The third day saw our first lecturer from outside the parkour/ADD community giving a talk on the possibilities of the discipline in schools. We also introduced the ADAPT certification to the groups, again, expertly done by a certain Mr Vigroux Senior. Motives for teaching were discussed and some sage advice expounded by many, but Chau and Steph especially. A reminder, in particular, that there is no obligation to teach: in order to do so you must really KNOW the discipline, have lived it and have that experience. And that is not enough; you must really want to teach and know deep down personally, that you are both ready and able to teach.

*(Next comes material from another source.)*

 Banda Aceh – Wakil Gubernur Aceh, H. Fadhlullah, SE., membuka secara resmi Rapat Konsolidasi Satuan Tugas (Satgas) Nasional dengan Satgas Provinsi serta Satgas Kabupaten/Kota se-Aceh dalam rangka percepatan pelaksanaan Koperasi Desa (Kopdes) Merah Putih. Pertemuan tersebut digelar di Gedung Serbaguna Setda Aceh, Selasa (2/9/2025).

The afternoon saw an impromptu conditioning break out in the small amount of free-time we had. Some chose to train in their own way but a small contingent of French, Finnish, myself and a couple of others embarked on an arm session comprising various pulling exercises. As always (and for those who don't know already), this was done with sets of 6 or 11 repetitions, being the traditional 5 or 10 but with one extra for family or friends who aren't there: an important reminder that we don't just train for ourselves, but for the group. Feeling suitably beasted, I was mock-alarmed to discover that Laurent was inviting us to join him for a "handstand-block": a series of exercises that started with an 11 second handstand followed by 6 press-ups repeated 6 times and got worse from there! Suffice to say we all tried our best but could not keep up with a man who frankly, must be at least part machine.

"the lake outside the hotel was incredibly cold but not, apparently, enough to deter many of the guys from going for a swim"

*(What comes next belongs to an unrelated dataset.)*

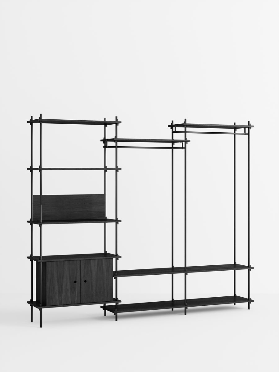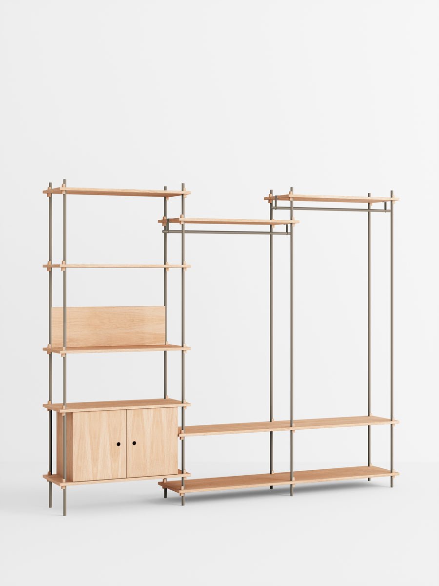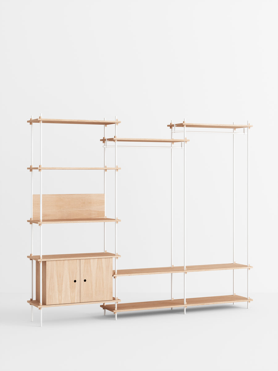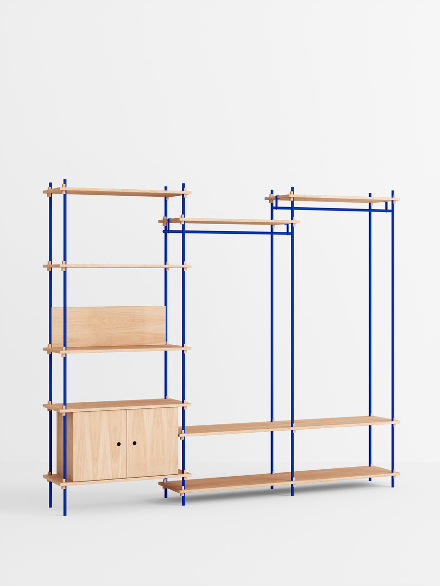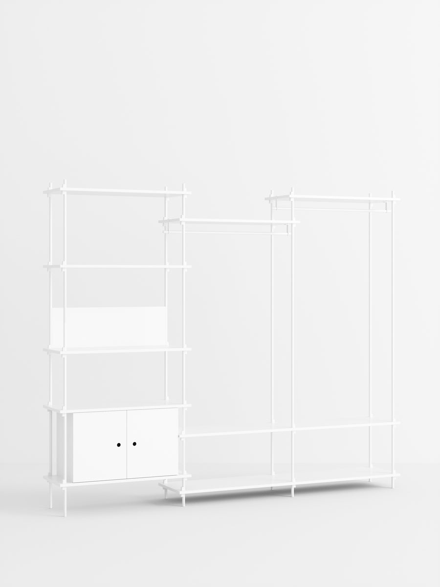 The MOEBE Shelving System is a modular piece of furniture that gives you full freedom to build your own piece of furniture. Build as tall as you like, as wide as you like, around corners, or even span different levels. Add function by implementing a wardrobe, desk or cabinet. Place it across a wall or use it free standing. From workspaces to room dividers, bookshelves to wardrobes; the MOEBE Shelving System can be used in a variety of ways, for a variety of functions.

Day 4 saw quite a few sleepy faces due to the fire-alarm which helpfully decided to make sure we were all up and ready a little earlier than was strictly necessary. Having being rudely interrupted from my slumber, I decided to take it out on those stairs again and met Martin and Laurent who had either decided the same, or managed to beat the fire-alarm downstairs. More outside lecturers began the day proper, followed closely by an excellent presentation by the Danish who were considering possible avenues of future co-operation amongst other things. After the intellectual start to the day, it was time for the French to give everyone some ideas about advanced conditioning and practise, and time for me to regret my decision to frequent the steps earlier that day as after a brief jog, we spent the majority of the next 2 hours going up them in a variety of manners. Needless to say, Laurent seemed fresher on his second attack of the stairs than most people engaging it for the first time that day.

The day and week were rounded off by everyone going to a viking restaurant in the city and enjoying an excellent meal. Despite some of the more hard core staying awake a little longer, Thomas and I beat a hastyish retreat to the hotel in anticipation of the 4.30 alarm call in order for us to make our bus to the airport the next day.

A few other vague details and memories from the week have occured to me in no sensible order:

Firstly; saunas are extremely smegging hot! Having not been in one for a number of years, I had completely forgotten what it was like to breath through your mouth because it burnt too much to try the usual nasal cavity.

Secondly; on the other extreme of the spectrum, the lake outside the hotel was incredibly cold but not, apparently, enough to deter many of the guys from going for a swim, and Thomas frequenting the water at all manner of odd hours, when the best I could manage was to stay in for about a minute holding onto the pier!

Thirdly; thanks to all who came to the seminar and shared, learned, took part and trained: Italy, Spain, Portugal, Denmark, France, Finland and, of course, the French B-team aka UK.

Lastly; Perttu was, despite his claims to have had help, an absolute trooper and star without whom the seminar would have flopped badly. A man who not only managed to stay out when Thomas and I heard our beds calling, but who then had to be awake at random 2 hourly periods throughout the night and early hours to drive people to the bus station. Thanks also go to the Finnish guys for being generally helpful throughout the trip.